Drawing pictures of the data, as I did in Figure 5.1 is an excellent way to convey the “gist” of what the data is trying to tell you, it’s often extremely useful to try to condense the data into a few simple “summary” statistics. In most situations, the first thing that you’ll want to calculate is a measure of **central tendency**. That is, you’d like to know something about the “average” or “middle” of your data lies. The two most commonly used measures are the mean, median and mode; occasionally people will also report a trimmed mean. I’ll explain each of these in turn, and then discuss when each of them is useful.

# 5.1.1 The mean

The **mean** of a set of observations is just a normal, old-fashioned average: add all of the values up, and then divide by the total number of values. The first five AFL margins were 56, 31, 56, 8 and 32, so the mean of these observations is just:

$$

\frac{56+31+56+8+32}{5}=\frac{183}{5}=36.60

\nonumber$$

Of course, this definition of the mean isn’t news to anyone: averages (i.e., means) are used so often in everyday life that this is pretty familiar stuff. However, since the concept of a mean is something that everyone already understands, I’ll use this as an excuse to start introducing some of the mathematical notation that statisticians use to describe this calculation, and talk about how the calculations would be done in R.

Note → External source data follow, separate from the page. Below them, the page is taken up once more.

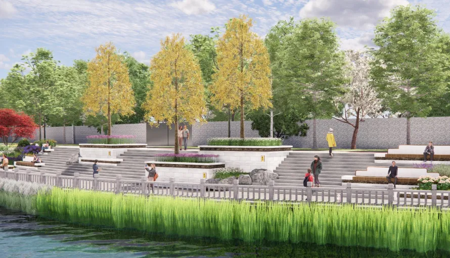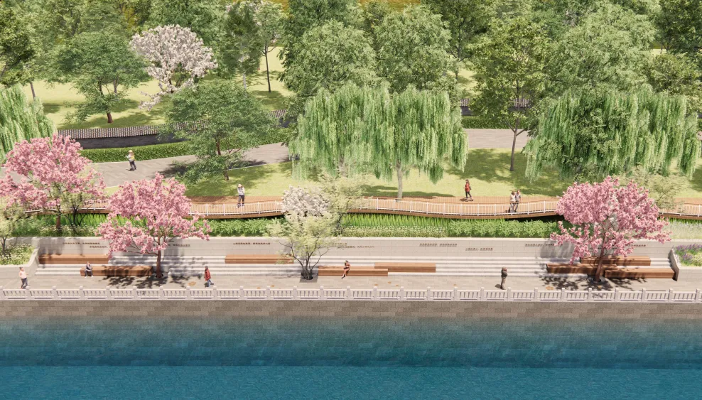 河道南岸架空平台是正玉渊潭公园的观赏跌水最佳视角。工程将扩大此处平台,形成一处植物丰茂的复合休憩空间,并结合附近的会城门遗址、蓟丘文化以及宋金时期文人郊游的典故,打造一个充满诗意的文化空间。在栈道中段拓宽出的小广场,将提供多角度的观景视野,新增的下河台阶极大增强了亲水体验。同时,通过亲水台阶、平台与错落的竹木平台相结合,搭配精心挑选的植物,丰富驳岸变化,形成独特的亲水休憩空间,对玉渊潭樱花文化的表达不仅限于栽种樱花树,更通过引入樱花诗词与科普,让游客在沉浸式体验中感受传统文化的魅力。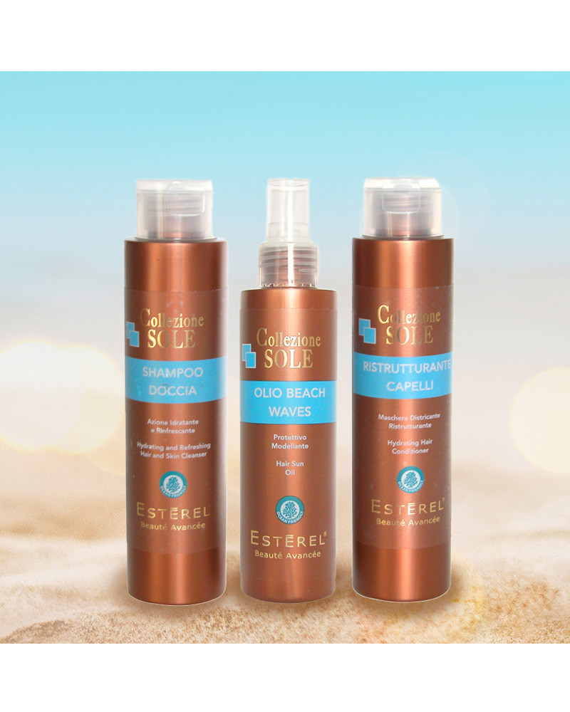 The specific beauty care to hydrate, restructure and protect hair during and after exposure to the sun. The shower shampoo ensures deep cleansing, hydrating and regenerating damaged stems and ends. Beach Waves oil protects hair exposed to sun, salt and chlorine while the restructuring treatment strengthens the structure of damaged hair, with an effective hydrating and repairing action.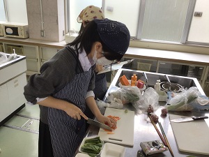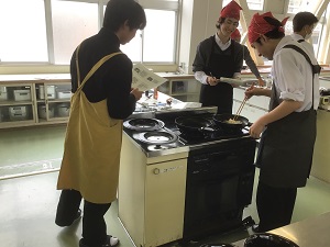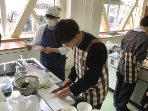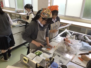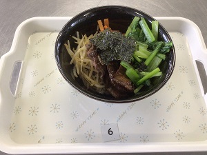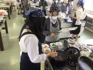 どの生徒も失敗なく、ひとりで上手に石焼風ビビンバを完成させることができました。調理や片付けの中で、環境に配慮するエコ・クッキングの実践もできました。食べ終わった生徒が「めっちゃ、うまかった!」と、空っぽになったどんぶり茶碗をもって戻ってくる様子が印象的でした。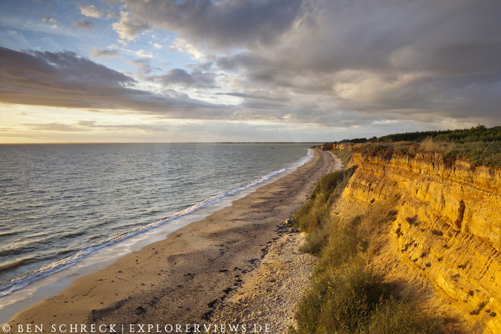 Unterhalb der Klippe breitet sich ein schöner Sandstrand aus, der zum Baden und zum Spazierengehen einlädt. Tagsüber wirkt das Gestein etwas matt, neigt sich die Sonne am Abend dem Horizont entgegen, präsentiert sich der Fels in seinem prächtigen Gewand.
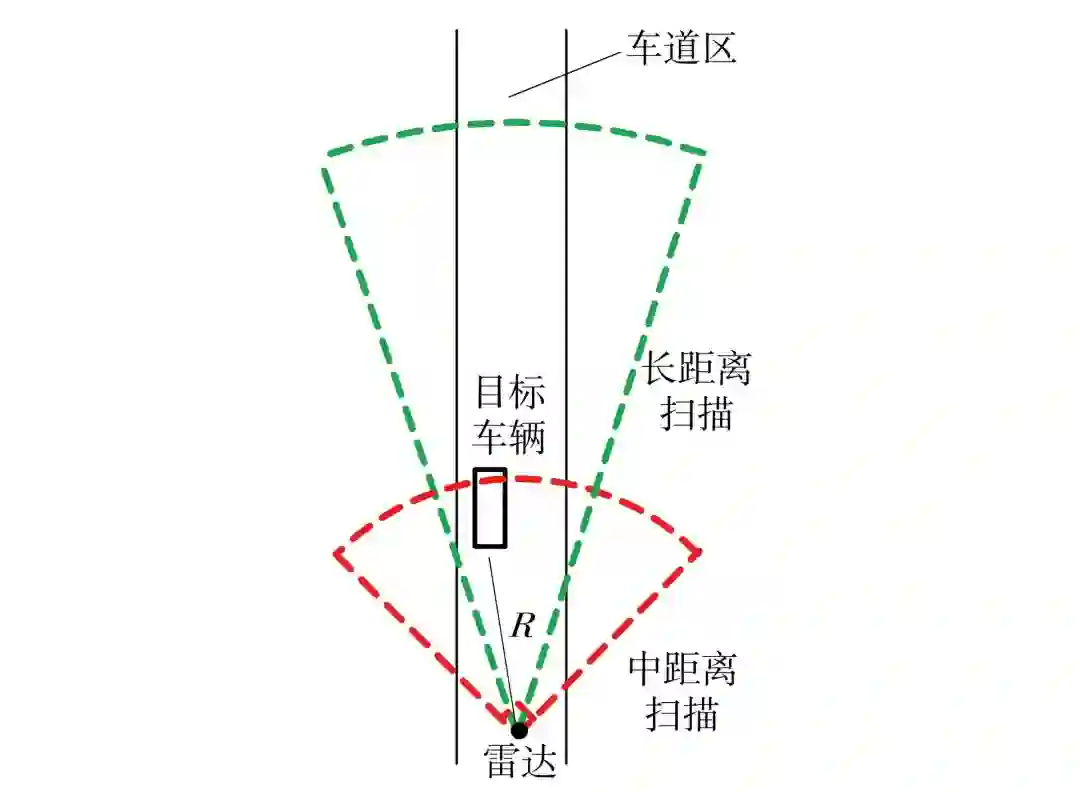 长距离的毫米波雷达扫描范围是 1~175 m,中距离是 1~60 m。距离小于 1 m 时雷达就不能识别物体。以避免车辆行驶过程中与前方车辆发生追尾碰撞为出发点,在有效目标选择过程中最关注的是与本车位于同一车道的前方最近车辆。当 Δv<0,有出现追尾事故的可能。因此,把雷达扫描近距离 1~60 m 内、离本车最近且 Δv<0 的车辆作为初选目标。
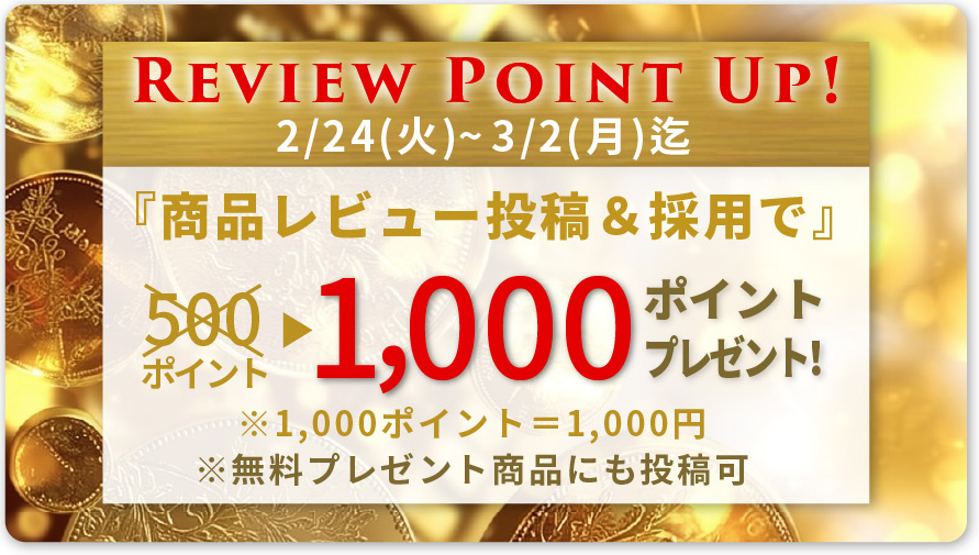 お客様からのご意見をより多く反映させて頂くため、レビュー投稿で付与させて頂くポイントを、期間限定で、今だけ500ptから1,000ptに大幅アップいたしました!

The first piece of notation to introduce is N, which we’ll use to refer to the number of observations that we’re averaging (in this case N=5). Next, we need to attach a label to the observations themselves. It’s traditional to use X for this, and to use subscripts to indicate which observation we’re actually talking about. That is, we’ll use X_{1} to refer to the first observation, X_{2 }to refer to the second observation, and so on, all the way up to X_{N} for the last one. Or, to say the same thing in a slightly more abstract way, we use X_{i }to refer to the i-th observation. Just to make sure we’re clear on the notation, the following table lists the 5 observations in the `afl.margins`

variable, along with the mathematical symbol used to refer to it, and the actual value that the observation corresponds to:

The Observation |
Its Symbol |
The Observed Value |
---|---|---|

winning margin, game 1 | X_{1} |
56 points |

winning margin, game 2 | X_{2} |
31 points |

winning margin, game 3 | X_{3} |
56 points |

winning margin, game 4 | X_{4} |
8 points |

winning margin, game 5 | X_{5} |
32 points |

Okay, now let’s try to write a formula for the mean. By tradition, we use x̄ as the notation for the mean. So the calculation for the mean could be expressed using the following formula:

$$

\bar{X}=\frac{X_{1}+X_{2}+\ldots+X_{N-1}+X_{N}}{N}

\nonumber$$

This formula is entirely correct, but it’s terribly long, so we make use of the **summation symbol** ∑ to shorten it.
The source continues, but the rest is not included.